Kemudian sebagian dewata berkata “ Kenapa tidak diturunkan kepada kita
saja yang lebih mulia dibanding manusia “.
Seolah menegur para dewata sang Betara Guru menjawab “Hee para
dewata, akupun mengetahui hal itu, namun sudah menjadi takdir Tuhan
Yang Maha Kuasa bahwa ilmu rahasia hidup justru diserahkan pada
manusia. Bukankah tertulis dalam kitab suci, bahwa malaikat
mempertanyakan pada Tuhan mengapa manusia yang dijadikan khalifah
padahal mereka ini suka menumpahkan darah“. Serentak para dewata
menunduk malu “ Paduka lebih mengetahui apa yang tidak kami ketahui”.

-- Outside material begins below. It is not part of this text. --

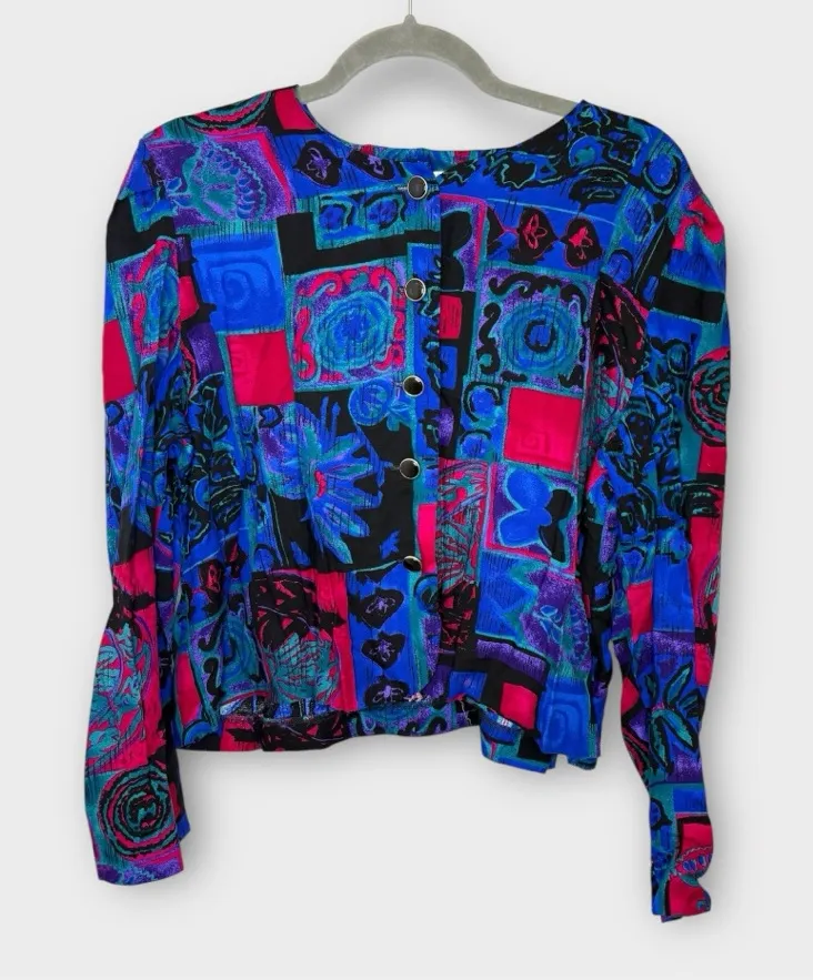 Step back into the late ‘80s/early ‘90s with this vibrant Special Effects blouse, featuring an abstract patchwork print in bold jewel tones of electric blue, fuchsia, teal, and purple. Made in the USA from soft 100% rayon, this top has a boxy, slightly cropped fit and eye-catching gold-tone statement buttons down the back. • Brand: Special Effects (vintage) • Size on tag: 18 (Misses) – see measurements for best fit • Measurements: • Pit to pit: 21.5” • Length: 19” • Material: 100% rayon • Color/Pattern: Multicolor abstract patchwork with geometric and floral motifs • Condition: Pre-owned, excellent vintage condition with no notable flaws. Perfect for lovers of bold retro style, statement prints, and unique vintage finds. Great for pairing with high-waisted trousers, skirts, or jeans for a true throwback look. Ships from a smoke-free, pet-friendly home.

Kemudian, Betara Guru turun ke mayapada didampingi Betara Narada
memberikan Serat Sastra Jendra kepada Begawan Wisrawa.
“ Duh anak Begawan Wisrawa, ketahuilah bahwa para dewata
memutuskan memberi amanah Serat Sastra Jendra kepadamu untuk
diajarkan kepada umat manusia”
Mendengar hal itu, menangislah Sang Begawan “ Ampun, sang Betara
agung, bagaimana mungkin saya yang hina dan lemah ini mampu menerima
anugerah ini “.
Betara Narada mengatakan “ Anak Begawan Wisrawa, sifat ilmu ada 2
(dua). Pertama, harus diamalkan dengan niat tulus. Kedua, ilmu memiliki
sifat menjaga dan menjunjung martabat manusia. Ketiga, jangan melihat
baik buruk penampilan semata karena terkadang yang baik nampak buruk
dan yang buruk kelihatan sebagai sesuatu yang baik. “ Selesai menurunkan
ilmu tersebut, kedua dewata kembali ke kayangan.
Setelah menerima anugerah Sastrajendra maka sejak saat itu berbondong
bondong seluruh satria, pendeta, cerdik pandai mendatangi beliau untuk
minta diberi wejangan ajaran tersebut. Mereka berebut mendatangi
pertapaan Begawan Wisrawa melamar menjadi cantrik untuk mendapat
sedikit ilmu Sastra Jendra. Tidak sedikit yang pulang dengan kecewa karena
tidak mampu memperoleh ajaran yang tidak sembarang orang mampu
menerimanya. Para wiku, sarjana, satria harus menerima kenyataan bahwa
hanya orang-orang yang siap dan terpilih mampu menerima ajarannya.
        Demikian lah pemaparan tentang puncak ilmu kejawen yang
adiluhung, tidak bersifat primordial, tetapi bersifat universal, berlaku bagi
seluruh umat manusia di muka bumi, manusia sebagai mahluk ciptaan Gusti
Kang Maha Wisesa, Tuhan Yang Maha Kuasa. Yang Maha Tunggal. Janganlah
terjebak pada simbol-simbol atau istilah yang digunakan dalam tulisan ini.
Namun ambilah hikmah, hakikat, nilai yang bersifat metafisis dan universe
dari ajaran-ajaran di atas. Semoga bermanfaat.
 
Semoga para pembaca yang budiman diantara orang-orang yang terpilih
dan pinilih untuk meraih ilmu sejatinya hidup.